#Essentiel

Monsieur le Président de la République,


Cette lettre n’est pas un appel à la détresse, ce mot est bien trop lourd de sens pour que je puisse l’employer ici.

Cette lettre n’est pas un appel à la liberté, cette expression est bien trop importante pour que je puisse la bafouer ici.

Monsieur le Président de la République, cette lettre est un appel à la dignité.


Ce que je souhaite vous exprimer ici, je ne le fais au nom de toute ma profession, je n’ai pas cette prétention. Ce que je souhaite vous exprimer ici, je le fais en mon nom, Dario BASILE, modeste propriétaire d’un établissement de restauration, « Les Philosophes » qui se situe dans la charmante commune de Nordhouse en Alsace.


La crise du COVID-19, je ne la réfute pas et je ne peux exprimer ni de colère ni de mépris envers toutes les décisions difficiles que prend notre gouvernement, je ne peux me permettre ce droit à la critique pour le respect des victimes de notre nation ainsi que celles de nos voisins.

J’ai bien conscience que nos libertés perdues ne le sont que temporairement. L’état français n’a jamais été aussi providence que dans toute son histoire. Ce « quoi qu’il en coûte », je le perçois pour mieux retrouver nos libertés… Plus tard.


Cependant, Monsieur le Président de la République, je sens ma dignité bafouée.

La dignité de ne pas pouvoir travailler, d’exprimer mes ambitions, de récolter les fruits de mes efforts.

La dignité de ne plus pouvoir accueillir, partager et servir.

La dignité de ne plus pouvoir honorer mon serment d’Epicure.


Je la sens encore plus bafouée lorsque, on me demande de me réinventer. Me réinventer en mettant notre savoir-faire et savoir-être dans des petites barquettes pour les remettre à de jeunes français à vélo, honorant leurs contrats plus que précaires dans des conditions inadmissibles. Ce n’est pas une évolution ou une réinvention, mais bien une régression.


J’ai mal à la dignité d’autrui lorsque je vois de nombreux Français se restaurer dans leurs voitures sur les parkings des établissements de restauration où les poubelles débordent de déchets. Je les vois aussi sur des sièges de fortune à l’extérieur, pour qu’ils puissent profiter de leurs petits réconforts de ces longues journées en ces temps de crise.

Sans oublier, nos ouvriers qui contribuent à l’embellissement de notre beau Pays. Ils se restaurent sur le pouce sans pouvoir se refugier des conditions climatiques défavorables.  


Monsieur le Président de la République, nos établissements de restauration sont essentiels.
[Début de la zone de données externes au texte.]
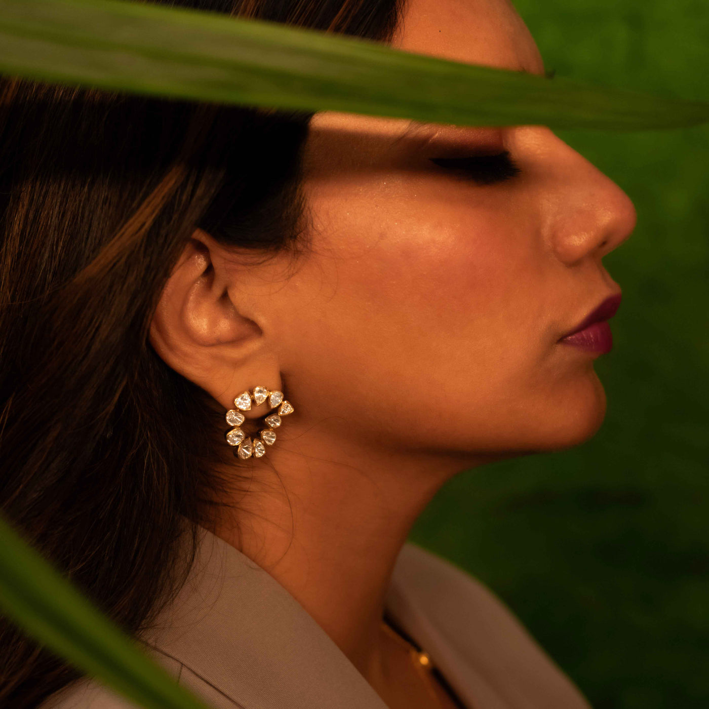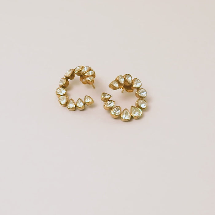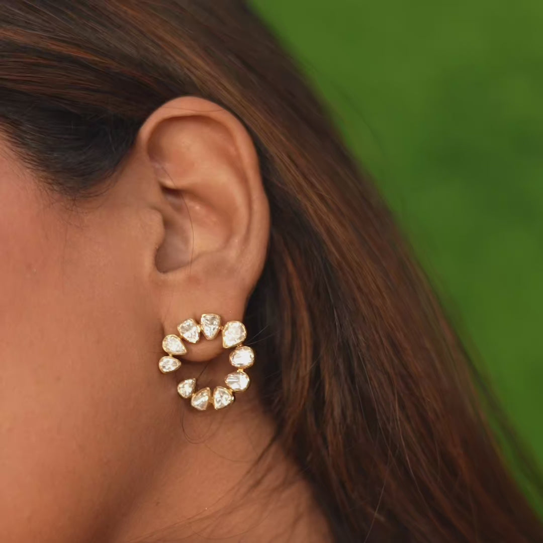 Showcasing a circular arrangement of shimmering open-cut polki stones, these 22k gold plated Noorish 925 silver earrings earrings offer a radiant and versatile design that suits any occasion.

Ils le sont parce que les Français peuvent y refaire le monde, leur monde.

Ils le sont parce que au sein de ces établissements, les français peuvent exprimer ce grand sentiment qu’est l’amour, célébrer des unions et bien plus encore, célébrer la vie.

Ils le sont parce que ce sont des lieux d’échange. Echange d’opinion, de culture, de tradition. Ce sont des lieux qui permettent le voyage et la découverte. Cette évasion le temps d’un repas si capital pour le bien-être des français.
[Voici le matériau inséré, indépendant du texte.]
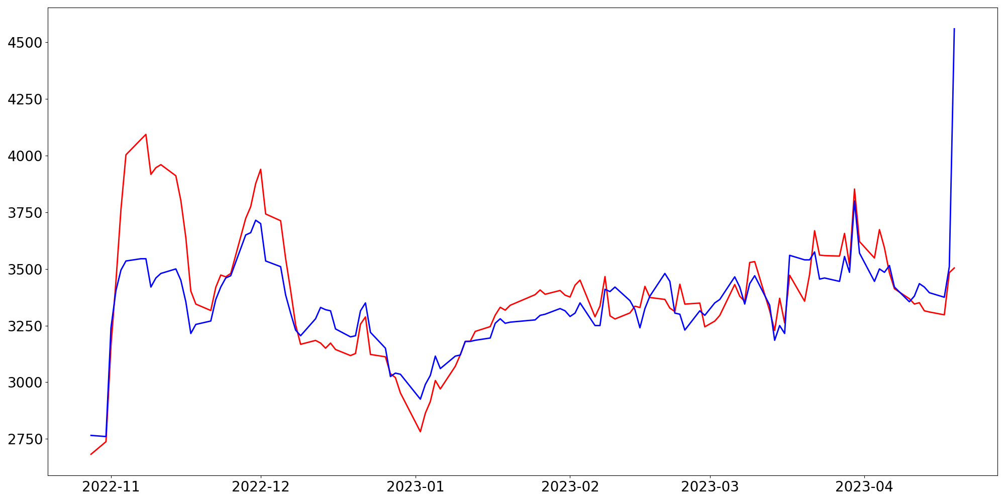 [ - : 실제값(종가) / - : 예측값(종가) ]

Mais ce sont aussi des lieux où ils n’existent ni races, ni couleurs où tout le monde peut y franchir les portes, où les mots Liberté, Egalité, Fraternité sont plus que respectés et honorés.
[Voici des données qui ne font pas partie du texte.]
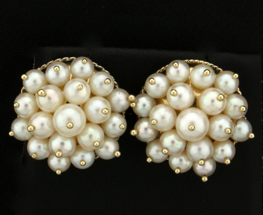 In 14k yellow gold. Each earring contains 19 high quality pearls ranging from 4.5 to 5.5mm each with excellent color and luster. 3/4" in diameter with friction backs for pierced ears. 11.2g.

Même pendant les heures les plus sombres, nos établissements étaient ouverts et ils apportaient, refuge, réconfort et lumière.


Monsieur le Président de la République, nous sommes en guerre.


A chaque fois que les ennemis de la nation nous ont frappés, les mots d’ordres de la République étaient ceux-ci :

Nous ne cèderons pas à la peur.


Aujourd’hui, j’ai le sentiment que cette peur de l’ennemi me soit imposée.

J’ai le sentiment de ne plus avoir la dignité d’exprimer que je n’ai pas peur.


Je vous remercie de bien vouloir prendre en considération ma missive et je vous prie d'agréer, Monsieur le Président de la République, l'expression de ma très haute considération.


Dario BASILE

Envoyer Le 09/01/2021 à la Présidence de la République.